L’umidità difatti crea una controspinta negativa che tende a formare le classiche “bolle” sul rivestimento resinoso, le quali diventano successivamente dei distacchi localizzati.
Premettendo che la barriera al vapore dovrebbe essere considerata obbligatoria sui massetti di nuova costruzione, la questione si complica quando ci si trova ad intervenire su vecchi supporti o comunque su pavimenti in cui ci si è “dimenticati” di inserire la barriera al vapore nel progetto.
In ogni caso occorre distinguere l’umidità presente nel massetto in due categorie:
Umidità residua dell’impasto di calcestruzzo. Occorre ricordare che il calcestruzzo fresco, all’atto del getto contiene almeno 180 litri di acqua per metro cubo d’impasto. Questa acqua verrà rilasciata nelle settimane successive al getto. È pertanto indispensabile non applicare il rivestimento in resina prima che l’acqua d’impasto sia (quasi) completamente evaporata
Umidità di risalita dalla massicciata. Qualora il pavimento sia sprovvisto di barriera al vapore, la massicciata trasferirà la propria umidità al massetto sovrastante. In questo caso si prospettano due soluzioni:
Realizzare un rivestimento in resina permeabile al vapore acqueo (occorre tuttavia ricordare che le resine epossidiche traspiranti hanno minori resistenze chimiche) oppure realizzare una barriera chimica al vapore, costituita prevalentemente da resina epossicementizia tricomponente da applicare in ragione di almeno 800 g/mq prima del rivestimento in resina.

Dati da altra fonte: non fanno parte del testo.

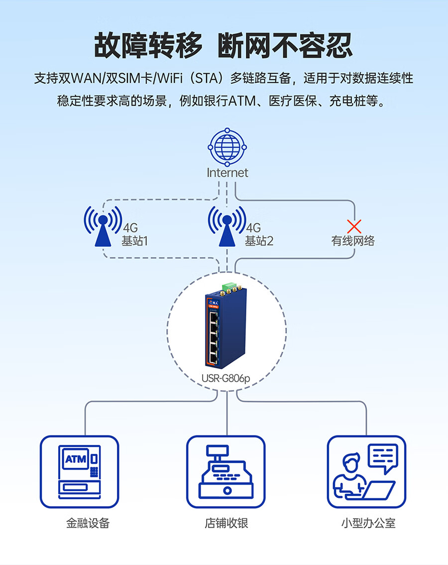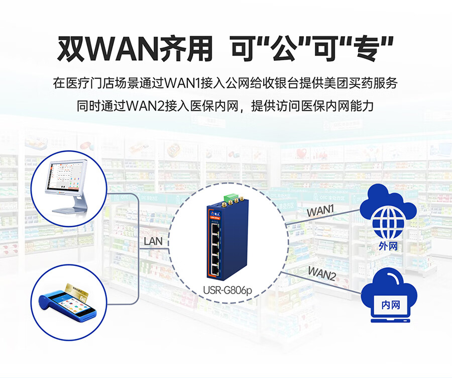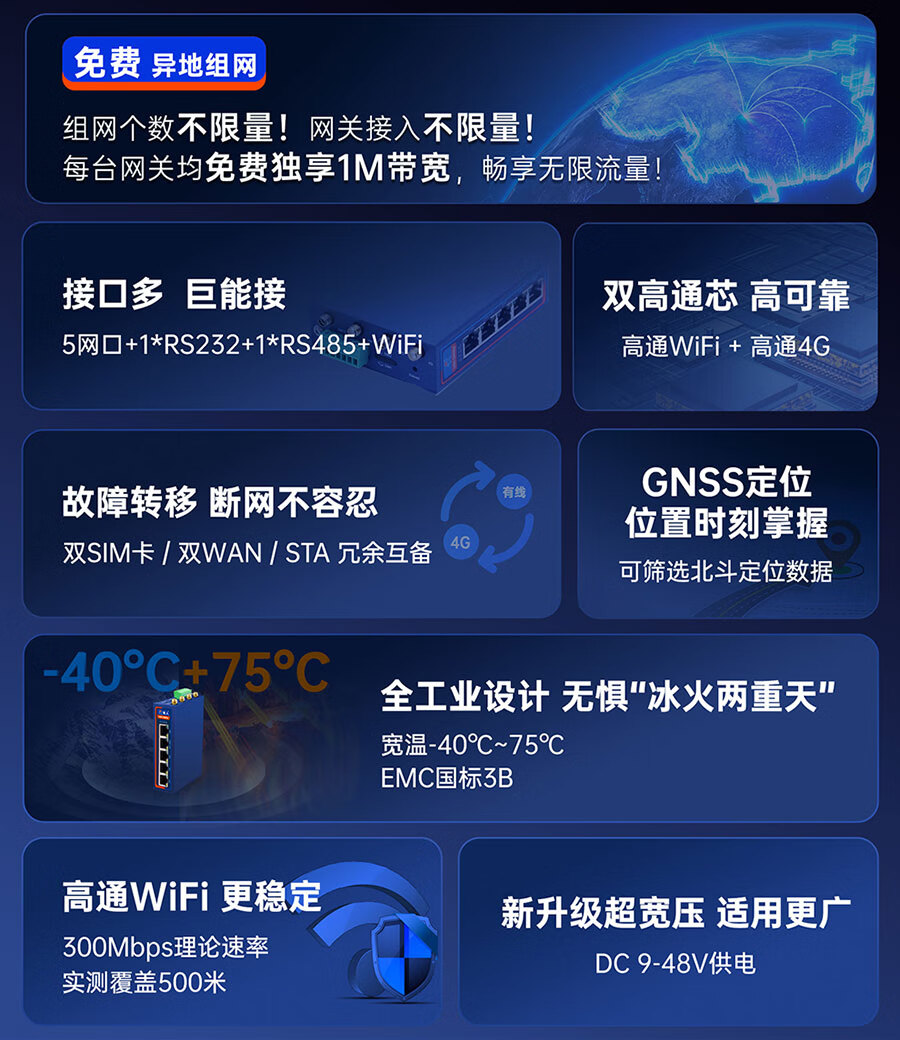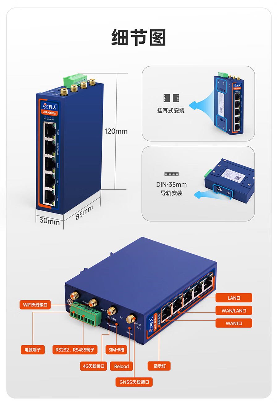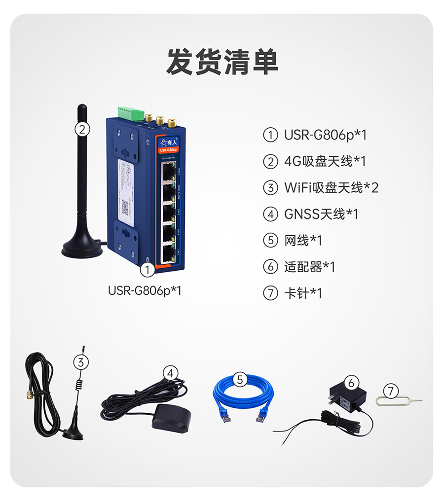 Renmin Internet of Things enhanced 4G industrial router remote networking dual Qualcomm core 5 network ports dual serial ports dual SIM cards GNSS positioning USR-G806p
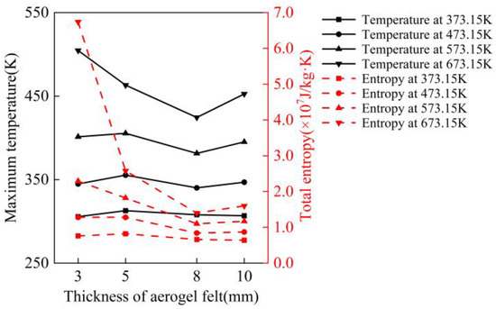 The maximum temperature and the total entropy of the inner basin with different thicknesses of aerogel felt.
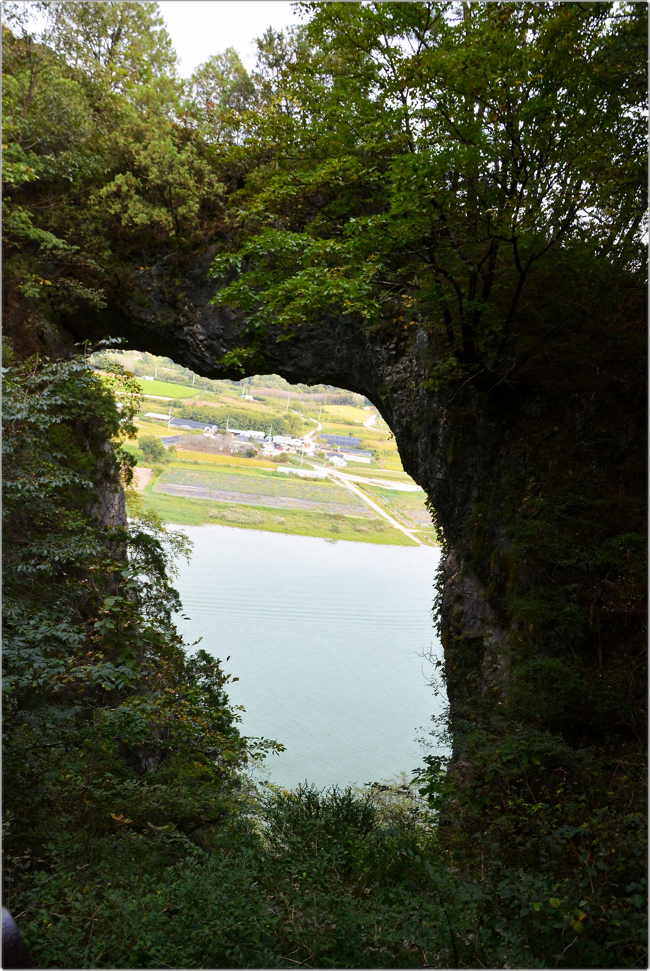 둥그렇게 열린 석문 안에 남한강의 시원한 풍경이 가득 차 있다.
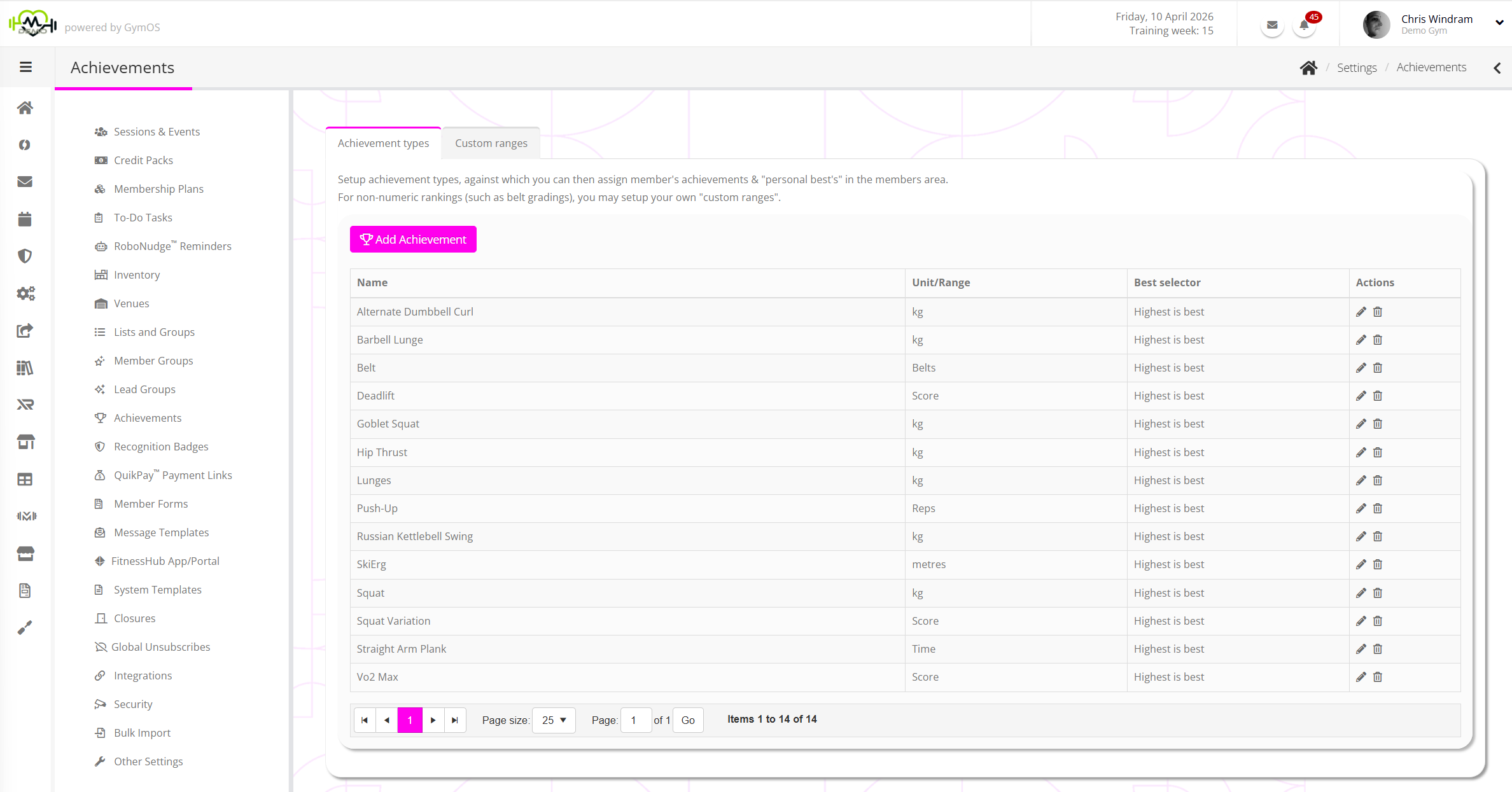 Within GymOS, you can record achievements against each of your members. In turn, the system will calculate their personal best for each category.
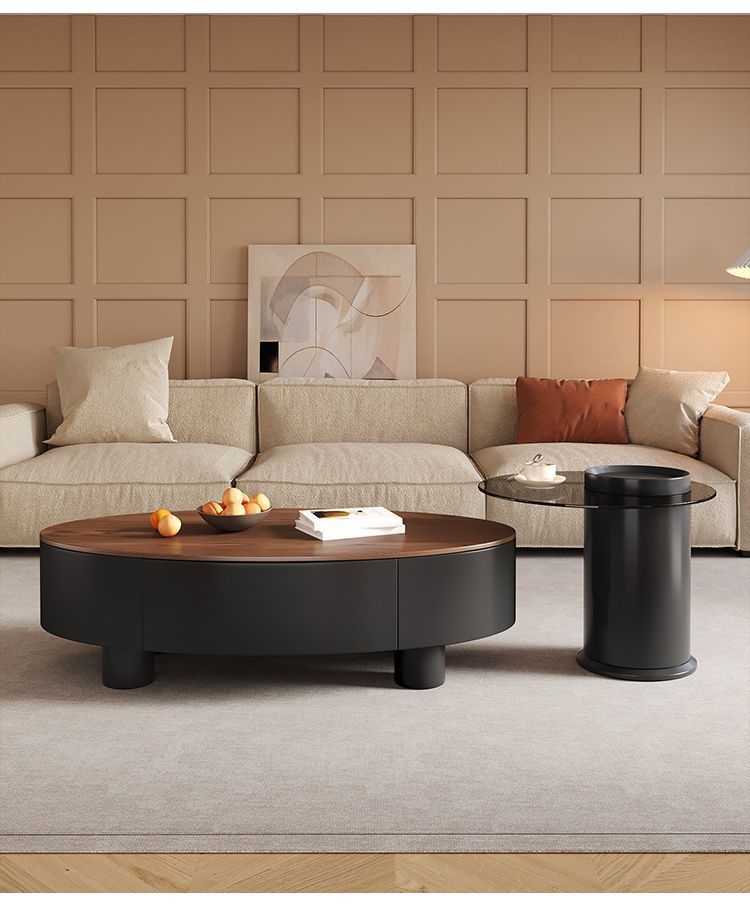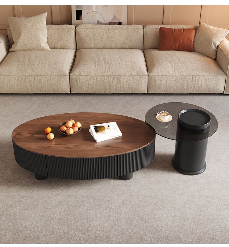 • 블랙 캐비닛 양각 나뭇결 단단한 나무 보드 커피 테이블: 120+50 회색 유리

Occorre fare una importante premessa: i metodi di misurazione generalmente utilizzati per la determinazione dell’umidità residua del massetto sono errati. Questo accade perché vengono utilizzati metodi empirici o strumenti elettronici in grado di rilevare solamente l’umidità nello strato corticale del massetto. In realtà l’umidità residua va misurata in profondità, ad almeno 40 mm dalla superficie del massetto. Per la determinazione della percentuale d’umidità è possibile utilizzare il classico igrometro a carburo di calcio o strumenti elettronici a sonda, specifici per calcestruzzo.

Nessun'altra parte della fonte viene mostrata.